● **ABOUT THIS EXERCISE**:
Everything in the listing should be transcribed exactly, apart from the pictures.

------------

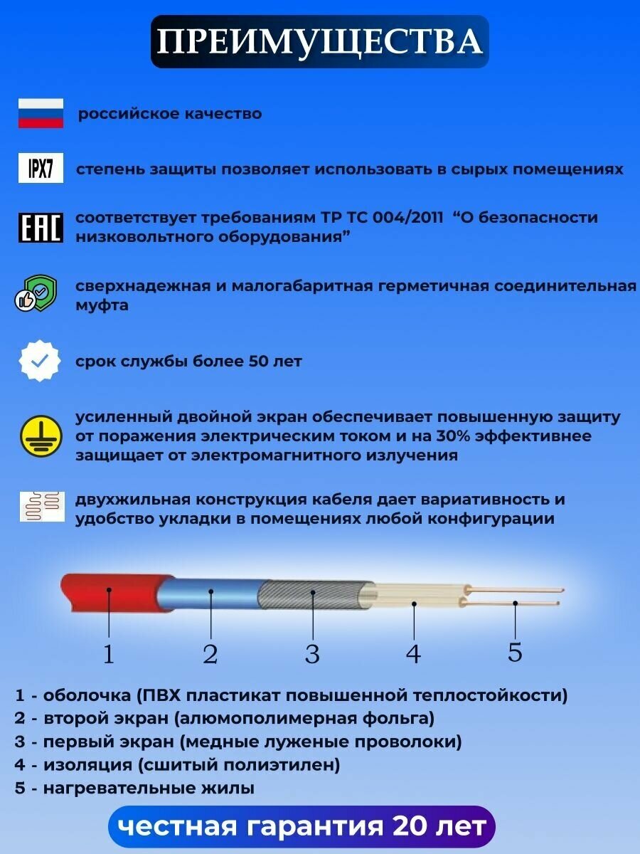 Теплый пол электрический ЧТК 5,0 м2 с терморегулятором
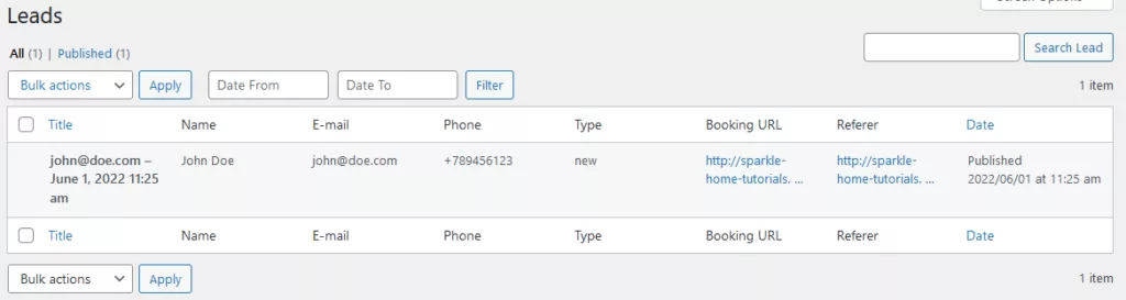 After a user submits the data through the booking widget, all his data are saved in the WP Admin Dashboard.
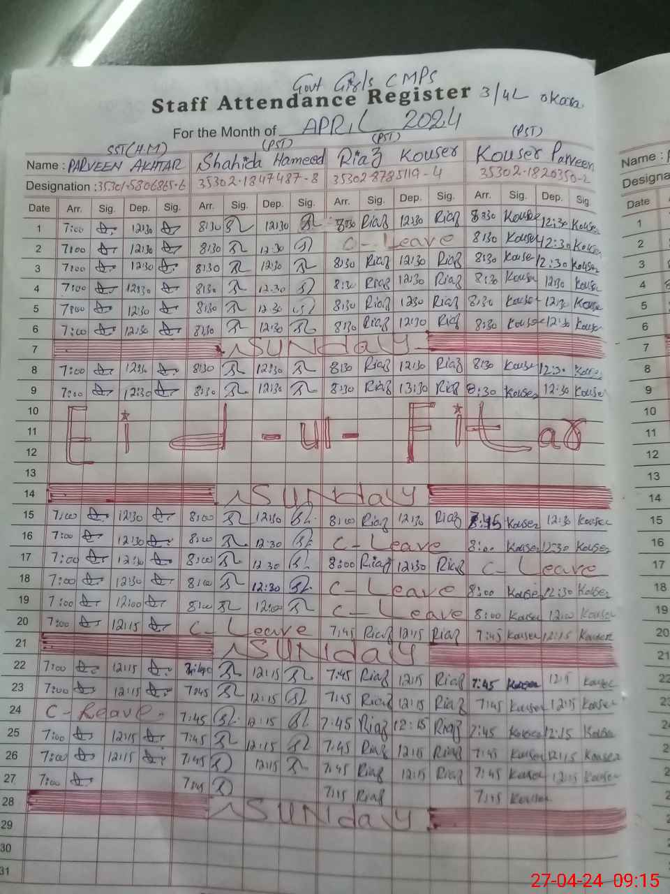 | CNIC | Full Name | Designation | R/C | Absence During Last Calender Month |
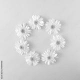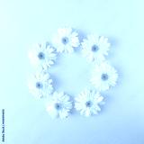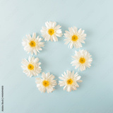 White daisy flowers arranged in a circle on a pastel blue background
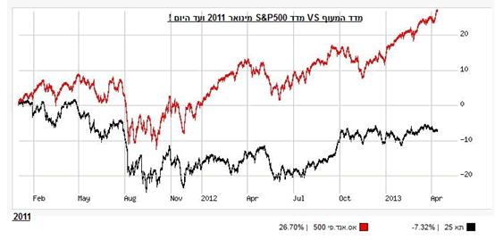 מדד ת"א 25 סיים עוד שבוע מסחר ללא בשורה משמעותית. הדשדוש הארוך שהחל אי שם באוקטובר 2012 (כן, כבר חלפה חצי שנה שהמדד "רץ לרוחב") נמשך ולא מתחשב בכל מיני הערכות שנזרקות לאוויר כבר שבועות רבים מצד אנליסטים וטכנאים מקומיים. נראה שהסוחרים המקומיים לא ממהרים לקנות את הסחורה ולא נסחפים אחרי תקוות שהמדד ידביק את הפערים הגדולים שנפתחו מול הבורסות מעבר לים. בואו נתעכב לשניה על הפערים העצומים שנפתחו מול המדדים המובילים בארה"ב. לשם השוואה נקח את מדד S&P 500 שנחשב לגדול והמשמעותי ביותר. הגרף הבא מתאר מה עשו המדדים מתחילת שנת 2011 ועד היום:
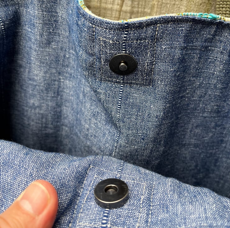 The long olive green webbing straps can be worn on your shoulder. There is a magnetic catch to fasten the top edge and a patch pocket inside.
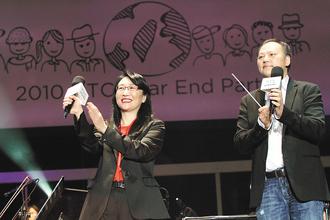 宏達(dá)電董事長王雪紅(左)與執(zhí)行長周永明創(chuàng)造出品牌價值。圖為兩人之前在公司尾牙上合唱。圖片來源:臺灣《經(jīng)濟(jì)日報》
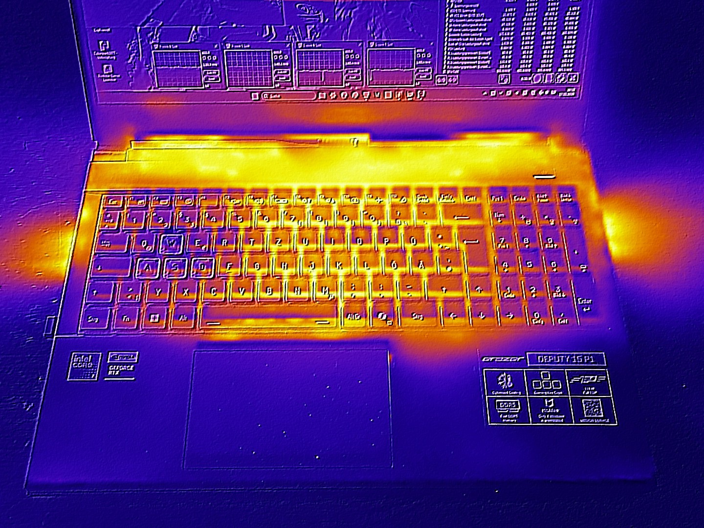 Die Temperaturen tanzen nicht aus der Reihe. Mit maximal 43 °C auf der Oberseite und maximal 52 °C auf der Unterseite erinnert das Deputy 15 P1 an das Lenovo Legion 5 15. Bei Idle-Situationen macht es sich das Chassis im Schnitt bei moderaten 28 °C bequem.

------------

● **EXERCISE SOLUTION**:
 Теплый пол электрический ЧТК 5,0 м2 с терморегулятором
 After a user submits the data through the booking widget, all his data are saved in the WP Admin Dashboard.
 | CNIC | Full Name | Designation | R/C | Absence During Last Calender Month |
 White daisy flowers arranged in a circle on a pastel blue background
 מדד ת"א 25 סיים עוד שבוע מסחר ללא בשורה משמעותית. הדשדוש הארוך שהחל אי שם באוקטובר 2012 (כן, כבר חלפה חצי שנה שהמדד "רץ לרוחב") נמשך ולא מתחשב בכל מיני הערכות שנזרקות לאוויר כבר שבועות רבים מצד אנליסטים וטכנאים מקומיים. נראה שהסוחרים המקומיים לא ממהרים לקנות את הסחורה ולא נסחפים אחרי תקוות שהמדד ידביק את הפערים הגדולים שנפתחו מול הבורסות מעבר לים. בואו נתעכב לשניה על הפערים העצומים שנפתחו מול המדדים המובילים בארה"ב. לשם השוואה נקח את מדד S&P 500 שנחשב לגדול והמשמעותי ביותר. הגרף הבא מתאר מה עשו המדדים מתחילת שנת 2011 ועד היום:
 The long olive green webbing straps can be worn on your shoulder. There is a magnetic catch to fasten the top edge and a patch pocket inside.
 宏達(dá)電董事長王雪紅(左)與執(zhí)行長周永明創(chuàng)造出品牌價值。圖為兩人之前在公司尾牙上合唱。圖片來源:臺灣《經(jīng)濟(jì)日報》
 Die Temperaturen tanzen nicht aus der Reihe. Mit maximal 43 °C auf der Oberseite und maximal 52 °C auf der Unterseite erinnert das Deputy 15 P1 an das Lenovo Legion 5 15. Bei Idle-Situationen macht es sich das Chassis im Schnitt bei moderaten 28 °C bequem.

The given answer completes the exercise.